The voltage level at the Poff terminal indicative of the on-off condition of the display system is supplied also to the base terminal of a TR3 through a delay circuit comprising a resistor RB and a capacitor CB. The TR3 is connected between the Vdd terminal and the base terminal of a transistor TR2 through a resistor R8. The emitter terminal of the TR2 is connected to the Vdd terminal through a resistor R9 and the collector terminal to the base terminal of a transistor TR1. A resistor R10 is connected between the base and emitter terminals of the TR1. During operation, the TR3 is turned off with the Poff level being 5V and the TR2 and the TR1 are kept turned on. When the Poff level is ground, the TR3 is turned on after the delay time of the delay circuit, followed by turning off of the TR2 and the TR1. Eventually, the Vee terminal is disconnected from the voltage source of -20V.
Accordingly, when the display system is switched off, the modified driving signals are supplied to the liquid crystal display 7 and then the system is completely shut off after the time delay. This is schematically illustrated in Figure 3.
While several embodiments have been specifically described, it is to be appreciated that modifications and variations can be made.

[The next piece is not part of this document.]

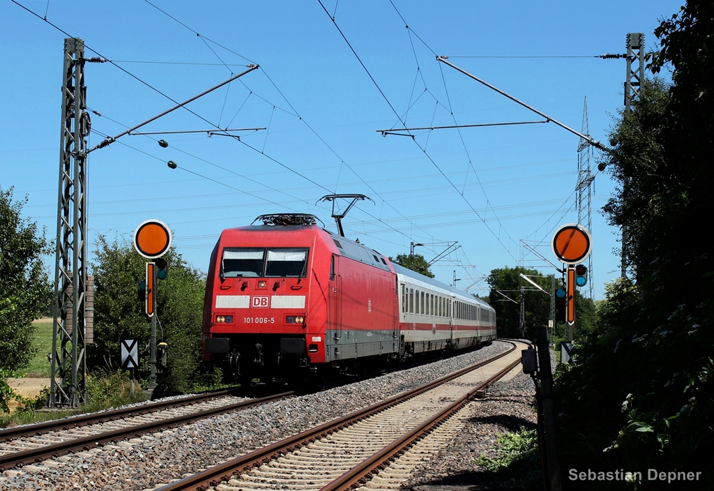 101 006 am 1.8.13 in Goldshöfe mit einem IC Nürnberg-Karlsruhe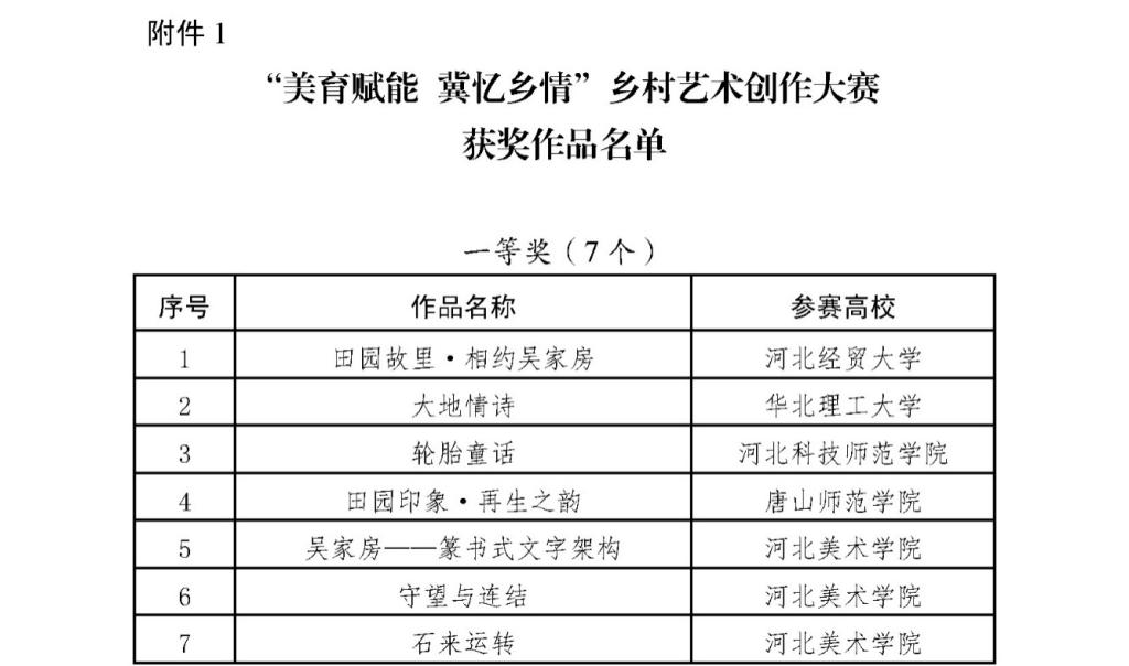 由河北省教育厅、河北省文化和旅游厅、河北省农业农村厅联合主办的“美育赋能 冀忆乡情”乡村艺术创作大赛圆满落幕。经过入围初评、落地展示、现场评审等多轮激烈角逐,beat365在线唯一官网美术学院在此次大赛中脱颖而出,《田园印象·再生之韵》作品荣获一等奖,同时获得优秀指导教师奖及优秀组织奖。

Particularly, although a driving signal pattern is illustrated in Figure 2(A), various types of driving signal patterns have been employed.

Claims

A driving and switching off circuit (1,3) for a liquid crystal display device (7) having a ferroelectric liquid crystal layer and a plurality of pixels, each pixel having the capability of exhibiting two states in accordance with an electric field applied thereto, said circuit (1,3) comprising:
driving means (3) for applying an erasing drive signal to said display device (7) in response to a turn-off signal, to cause all of said pixels to uniformly exhibit one of said two states;
characterized by
delay means (RB, CB) for providing a delay turn-off signal ending after a time delay during which said erasing drive signal is applied to the display device (7); and
means (TR1,TR2) responsive to said delay means (RB,CB) for switching off said display device (7) at the end of said time delay.
A method for driving and switching off a liquid crystal display device (7) having a ferroelectric liquid crystal layer and a plurality of pixels, each pixel having the capability of exhibiting two states in accordance with an electric field applied thereto, said method comprising the steps of:
generating a turn-off signal to turn off said display device (7);
applying an erasing drive signal, in response to said turn-off signal, to said display device (7) to cause all of said pixels to uniformly exhibit one of said two states; and
delaying said turn-off signal to provide a delay turn-off signal ending after a time delay during which said erasing drive signal is applied to the display device (7);
thereafter, at the end of said time delay, switching off said display device (7).